Some lines of inquiry have brought different research communities together. Dark matter searches, for example, were primarily the realm of cosmologists, who probe large-scale structures of the universe. However, as the focus shifted to finding out what particle—or particles—dark matter was made of, this area of study started to attract astrophysicists as well.

Why are people trying to answer these questions? “I think science is an expression of humanity and our curiosity to know the answers to basic questions we ask ourselves: Who are we? Why are we here? How does the world work?” Whiteson says. “On the other hand, questions like these lead to understanding, and understanding leads to being able to have greater power over the environment to solve our problems.

In the very last chapter of the book, the authors explain the idea of a “testable universe,” or the parts of the universe that fall within the bounds of science. In the Stone Ages, when humans had very few tools at their disposal, the testable universe was very small. But it increased as people built telescopes, satellites and particle colliders, and it continues to expand with ongoing advances in science and technology. “That’s the exciting thing,” Cham says. “Our ability to answer these questions is growing.”

Some mysteries of the universe still live in the realm of philosophy.
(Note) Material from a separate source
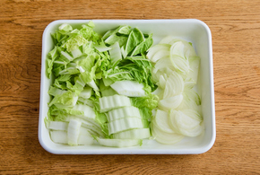 白菜と玉ねぎはそれぞれ1cm幅に切ります。

But tomorrow, next year or a thousand years from now, a scientist may come along and devise an experiment that will be able to find the answers.

“We’re in a special place in history when most of the world seems explained,” Whiteson says. Thousands of years ago, basic questions, such as why fire burns or where rain comes from, were still largely a mystery. “These days, all those mysteries seem answered, but the truth is, there’s a lot of mysteries left. [If] you want to make a massive imprint on human intellectual history, there’s plenty of room for that.”

See the full article here .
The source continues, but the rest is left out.